Coşkun, aradan yıllar geçmesine rağmen büyüklerinin olayları tamamını anlatmadığını kaydederek, sözlerini şöyle sürdürdü: "Sonra hafızamızda silinmeyen bir olay da bizim bir Döndü ablamız vardı; o öldürülüyor, çocuğu karnından çıkarılıp, duvara çivileniyor. Bunu annelerimiz babalarımız çok sonra anlattılar. Halen sorduğumuzda çoğu şeyi anlatmıyorlar. Yıllar sonra annem dedi ki ' babanız onlardan birini yaralamış, bilmiyorum belki de öldürmüş. Biraz üzüldük ama sevindik te; bunu da benim rahmetli hasta babam yapmış. Kız kardeşini korumak için bunu yapmıştı. Sevindik ama şu an düşünüyorum sevinme meseydik mi acaba?

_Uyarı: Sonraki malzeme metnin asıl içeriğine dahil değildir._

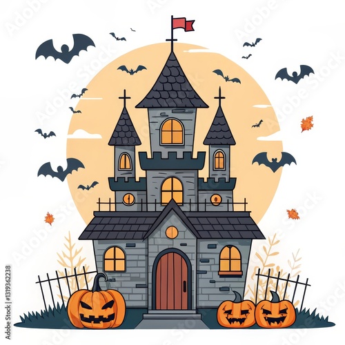 Spooky Cartoon Castle with Bats and Pumpkins, Halloween , Illustration
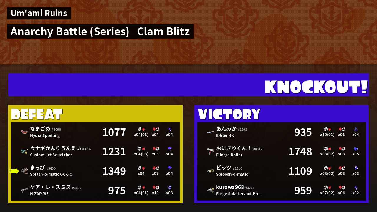 | Mode | Clam Blitz - Anarchy Battle (Series) |

O olaylardan sonra Maraş'ta çok insan sakat kaldı; bu insanlarda o katliamı yapanlardı. Biz öldürememiştik ama sakat bırakmıştık en azından; çok güzel şeyler değil halen ailem anlatmıyor etkilenmemiz için; Ben gözümün önüne getirmek istemiyorum ama bunu yapmışlar. Bu bize göre olaydı ama şimdi katliam deniliyor. Olaydan sonra Mersin'e kaçtık; Mersin'de yıllardır sakladık Maraş'tan geldiğimizi... yine bir darbe yememek için. Yıllardır sustuk, sonra 12 eylül dönemi geldi; yine korku yine başkalarının evine sığındık ve şu an yavaş yavaş söylüyoruz Maraş olaylarından kaçıp geldik diye; Bir kamyona dolduk iki aile ve Mersin'e kaçtık"
Coşkun, konuşması esnasında salon bulunan bazı katılımcılar gözyaşlarını tutamadı.
Panelde konuşan AraştırmacıYazar Turabi Saltık da, Maraş'ın tarihsel konumuna değinerek Maraş'ta zulüm ve vahşetin yaşandığını ileri sürdü.
Doç. Dr. Gülsüm Kav ise, Maraş olaylarının doğal bir afet olmadığını ve insanın insana yaptığı bir olgu olduğunu savunarak, "Bu olayı anmalıyız, unutmamalıyız ve Maraşlardan nasıl hesap sorulacak bunu da anlatmalıyız" ifadelerini kullandı.